My hexameters come to you in a ragged state. I meant to have corrected them with care; but as they are, they may serve as a specimen of what I can do in this way, and it would be foolish to wait till I have leisure for correcting. These liberties I have allowed myself– sometimes a superfluous short syllable at the beginning–sometimes the pyrrhic–sometimes the amphimacer. These licences must of course be sparing; and what you will meet with would probably have been altered in correction.
[Here follow 109 hexameter lines from the intended poem on Mohammed, [1] mentioned in the letter of the 1st September.]
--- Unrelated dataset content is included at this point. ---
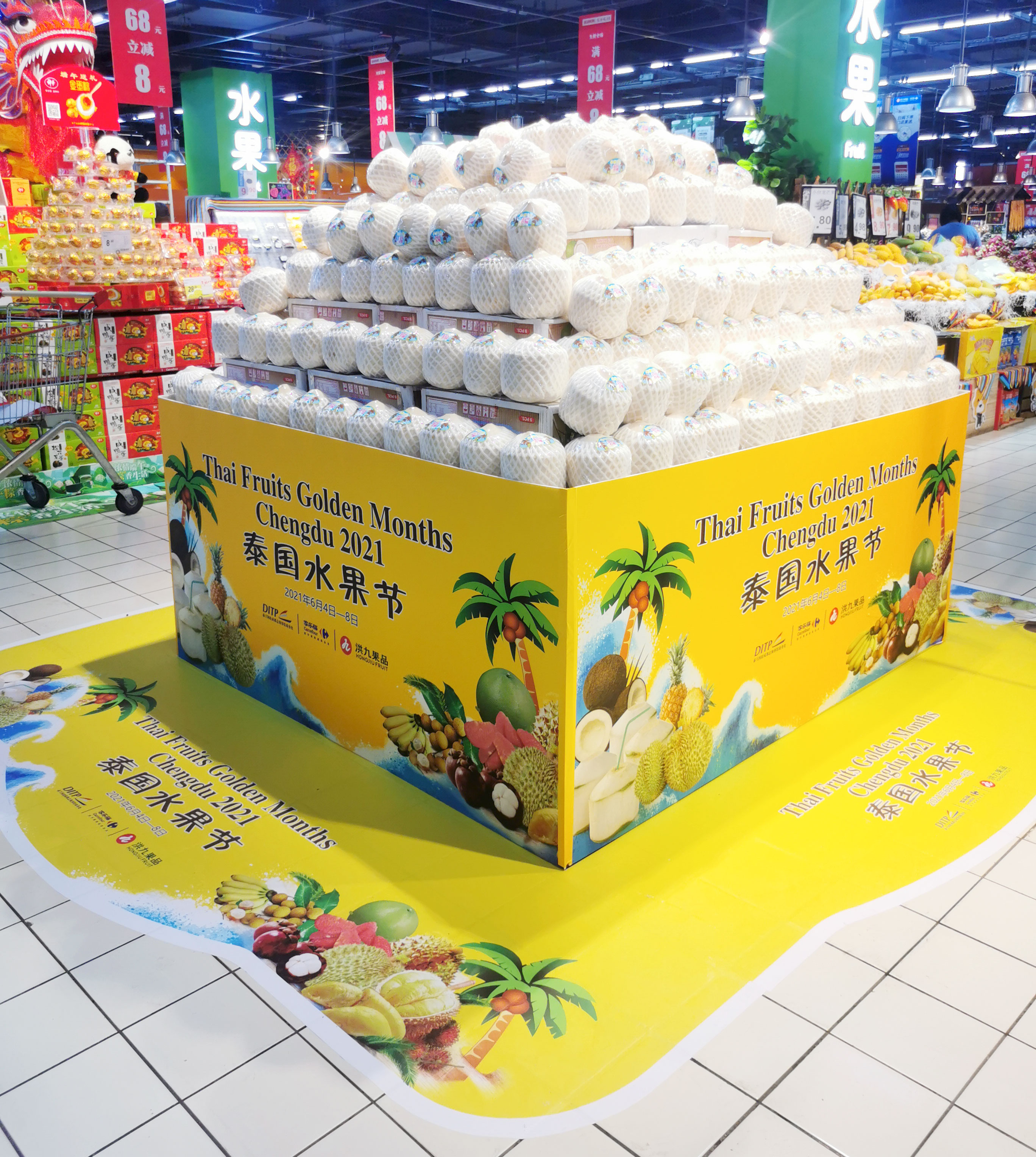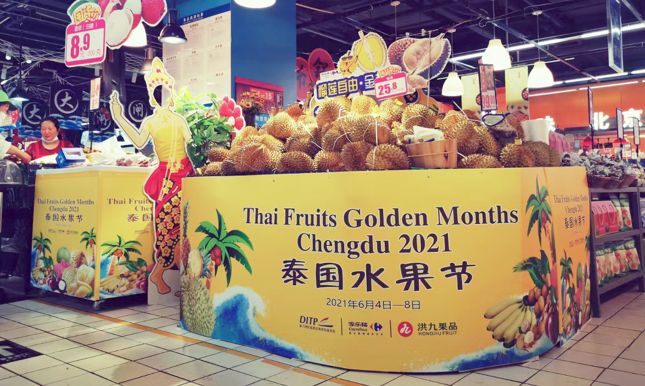 2021年6月4日,由泰王国驻成都总领事馆商务处、成都家乐福和洪九果品联合举办的“泰国水果节”活动火爆来袭!小伙伴们可以在成都家乐福18家门店及家乐福小程序购买下单,活动期间,除了超优惠的价格,还能让你不出国门就能尽享泰国水果盛宴,实现“水果自由”!

Remember, these are apprenticeship lines; but I think that now I can wield the metre, and that it makes a magnificent mouthful of sound.
Thank you for your offer to house Harry; we however wish once more to see him, and not quite to abandon him in a land of strangers. I wish he were old enough to be placed as pupil at the wonder-working Pneumatic Institution. [2] You visited Bristol too soon, before our luminary had arisen. Davy is a miraculous young man, but his health is injured. Beddoes even apprehends consumption. At present he is in London, and when he returns I hope my residence here will draw him a little from perpetual experiments and the noisome fumes of the laboratory.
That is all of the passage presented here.